ROCHESTER, Minn. - Health experts are concerned the current pause on administering the Johnson & Johnson vaccine will make more people hesitant to get vaccinated.
The pause comes as six women were found to have rare blood clots possibly associated with J&J vaccines.
Olmsted County Public Health says blood clots from the vaccine are extremely rare. So far only six out of around 7.5 million people who have received the J&J vaccine have been impacted.
However, if you were vaccinated from three days to three weeks ago and are experiencing severe head, abdominal or leg pain or shortness of breath there may be cause for concern. So far the blood clots have only been found in women ages 18 to 48.
Dr. Melanie Swift with Mayo Clinic does say catching the rare and unusual blood clots should actually inspire confidence in the vaccine process since the issue was pinpointed so early and so quickly.
She explained, “Thinking deeply about this should bolster vaccine confidence but inevitably there will be people who focus on the negative outcomes and so I just hope we can keep people aware of the message that this really does emphasize that there is a safety net and it does catch things early.”
If it’s been a month since you’ve received the J&J vaccine health officials don’t believe you’re at risk.
There have been no cases confirmed in Minnesota at this point but public health and Mayo Clinic have been working to educate the community to prevent misinformation and vaccine hesitancy.
Public health director Graham Briggs explained how staff have been working with the community for months, “to hear back about concerns or hesitancy or confidence in vaccine or if there are issues that are coming up.

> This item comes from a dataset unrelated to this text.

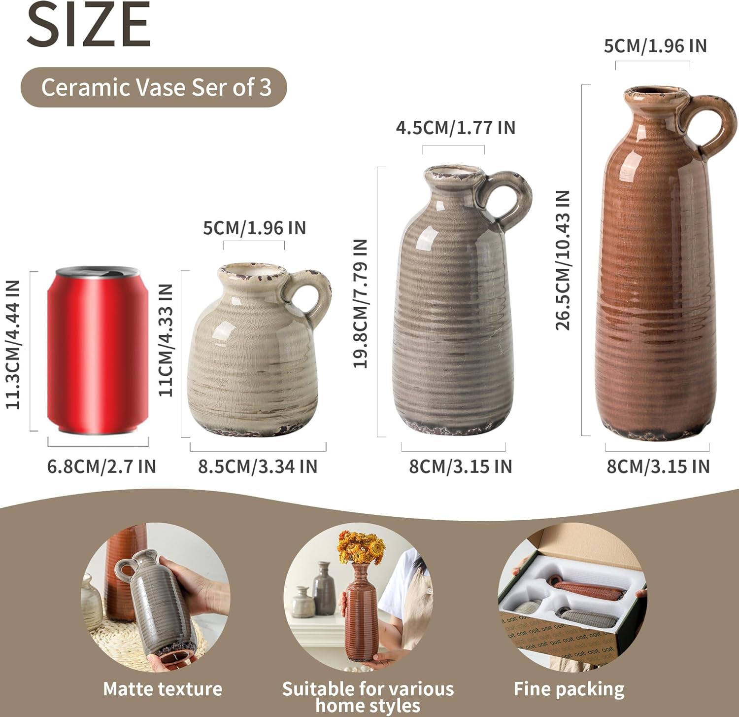 【For Multiple Home Décor Styles】Designed in a variety of shapes and sizes, this rustic vases set is a perfect home décor even without flowers. Whether your style is bohemian, modern farmhouse, rustic, or homey, they all fit in perfectly show off your lifestyle and decorative sense of style. (Length X Diameter=10.43X3.15″, 7.79X3.15″,4.33X3.34″).

I know we're not hearing back about individuals who have had symptoms or anything like that and we're providing this message about the pause on Johnson and Johnson as well as part of our education and outreach in the community too.”
For the time being Mayo Clinic says the health system has been able to switch out the J&J vaccine for the Pfizer or Moderna for specific scheduled events.
The CDC has yet to make an announcement on when, or if, the Johnson and Johnson vaccine will resume.